Published On: 8 February 2024Categories: Stories

Latrobe High School breakfast club is nourishing 100 students, three times a week, in a frantic 45 minutes before the madness of the school day begins.

The cheese toastie production line is in top gear at 8:10am when the first bus disgorges its barely-awake passengers who shrug on backpacks and amble into the cafeteria. There’s lots of hat hair and yawns as they approach the serving table at the back of the room.

Everyone is still warming up along with the weather, just north of 10 degrees celsius when they saunter through the door.

They come from far and wide: Port Sorell, Railton, Sheffield and Devonport; converging on the cafeteria after a too-early start; a safe space for the early risers and the night owls to chill before class. It’s simple fare: cheese toasties, Milo, juice, apples and banana muffins, but the food creates a connection point, a place to prepare for the unknowns ahead.

The Year 10s in their leavers hoodies sit on one side of the hall while everyone else sits in small groups dotted around the cafeteria. A few sit on their own. The vibe is relaxed and casual.

Breakfast and conversation

Breakfast and conversation ends at 9:45am when Imagine Dragons’ Believer breaks the spell and calls the faithful to class. It’s so much gentler than a blaring bell.

For some, the toasted sandwich is a second breakfast, for others it’s the breakfast they didn’t get time to eat at home, while for others it’s the only breakfast they were ever going to get.

Nourishment more than food

Whether it’s physical, relational or emotional hunger, everyone gets fed.

Chaplain Dale Saunders says each week students consume 24 loaves of bread and an equal number of litres of milk, 16 litres of juice, two kilograms of fruit, and 12 packets of cheese singles. Food is delivered on Mondays and stored in a locked fridge.

He is helped by a couple of adults and two long time student volunteers, Victor and Alexa.

“We could easily do five days a week if we had the volunteers to help,” Dale said.

“It’s an important start to the day; for students to connect, to get some food before having to study, and allows me to build relationships and check-in on students.”

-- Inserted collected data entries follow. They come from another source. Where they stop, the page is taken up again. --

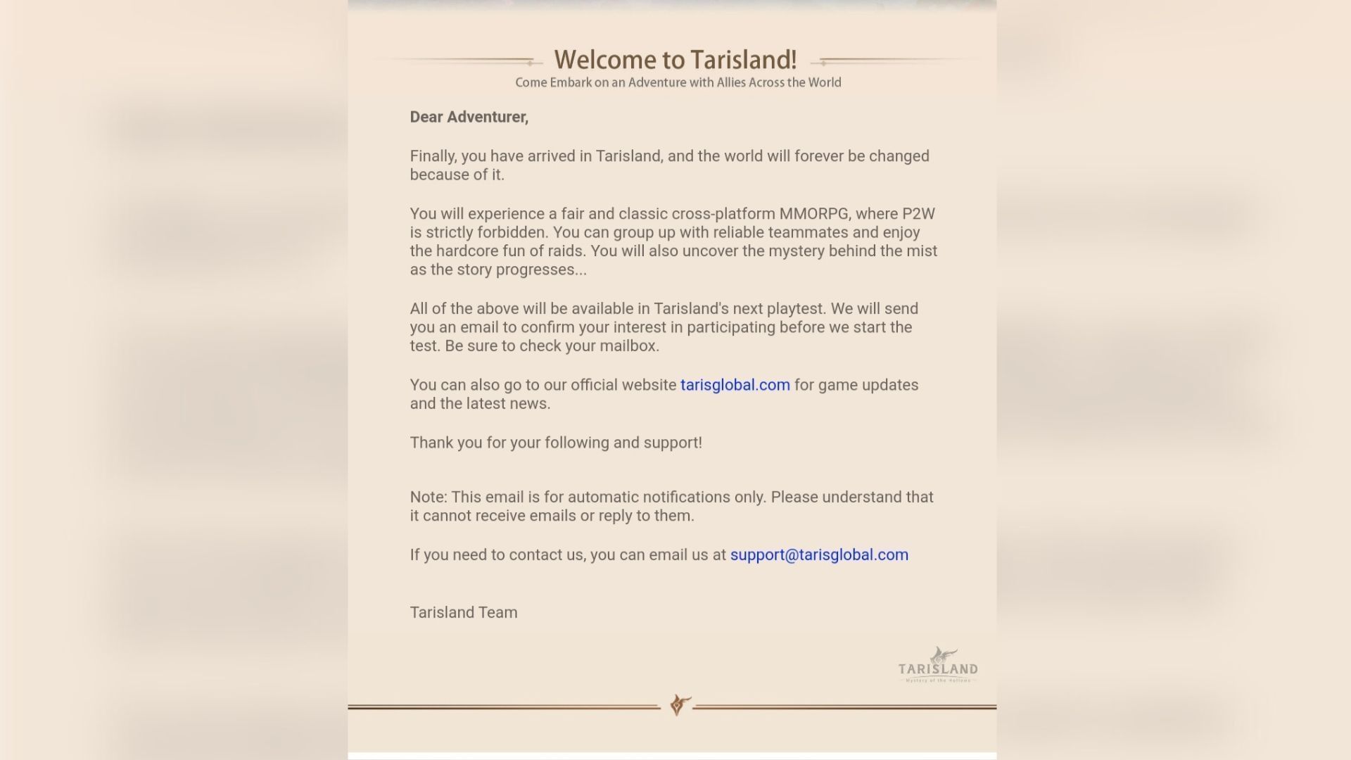 You must enter a valid email address in the dialog box. Click on the privacy policy button and subscribe. Then, you will receive an email from the official Tarisland account indicating that you have signed up for the game's upcoming closed beta testing. Here is the screenshot of the email that you receive after signing up:
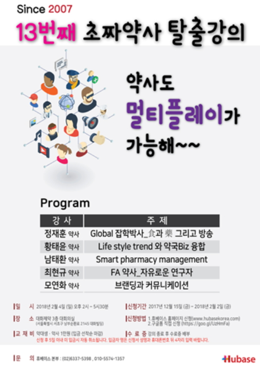 약사, 약대생, 예비약사를 위한 초짜약사탈출기 강의(휴베이스 주관)가 오는 2월 4일 일요일, 대화제약 신사옥 3층 강당에서 개최된다.
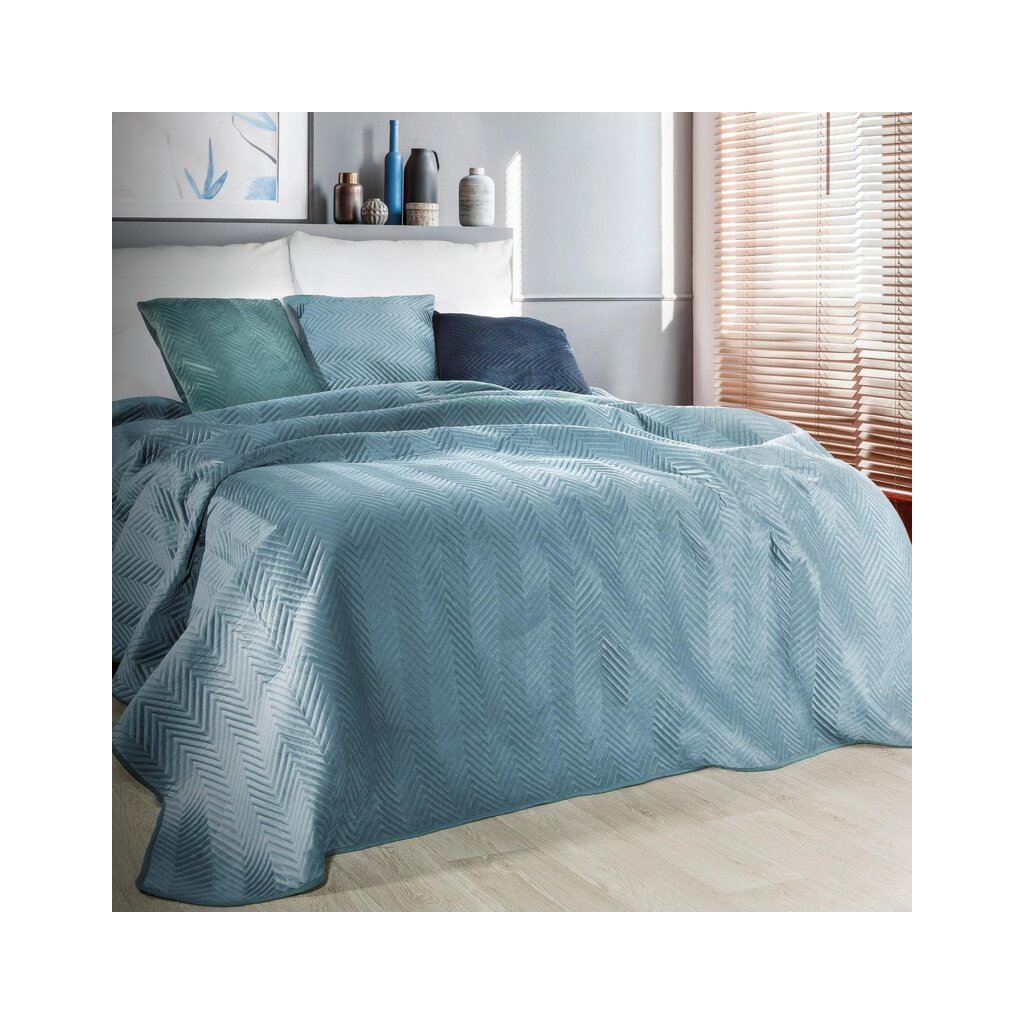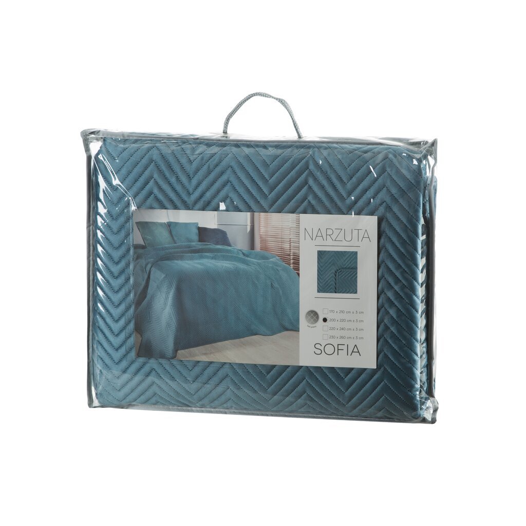 Exkluzív ágytakaró puha és kellemes tapintású bársonyból, nagy sűrű halszálkás mintával varrott. A varráshoz varrat nélküli melegsajtolásos módszert alkalmaztak. Szélesség: 230 cm, hossz: 260 cm, szín: kék, súly: 250+120+65 GSM, összetétel: Anyaga: 100% poliészter.Kiegészítő paraméterek
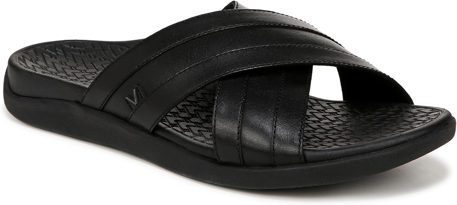 Experience comfort with Vionic's Tide Slide sandals, featuring a supportive footbed and leather criss-cross straps for a flexible fit. Perfect for everyday wear, these sandals combine durability, support, and style.

Dale, who has been school chaplain for just over a year, spends five mornings a week at the high school and five afternoons at the primary school, so he is a familiar and welcome face. 

Breakfast foods, including cereal, are also left in the Learning for Life room across from the cafeteria for students who don’t have any food or money. 

Dale and the teaching and support staff will steer students to the upstairs pantry as they identify needs.

Latrobe High School Principal Sarah-Jane Tregenza acknowledges the pivotal role that Breakfast Club plays within the school community. “On Breakfast Club days, students know that they can start their school day with a hearty breakfast, warm smiles and a caring conversation.

The Breakfast Club community at LHS goes far beyond providing fuel for students’ bodies. Breakfast Club is a supportive space where students feel a strong sense of belonging and can get their school day off to a great start.”

Devonport Chaplaincy, serving food supplied by sister organisation Loaves and Fishes Tasmania, manages more than a dozen breakfast clubs in the North West.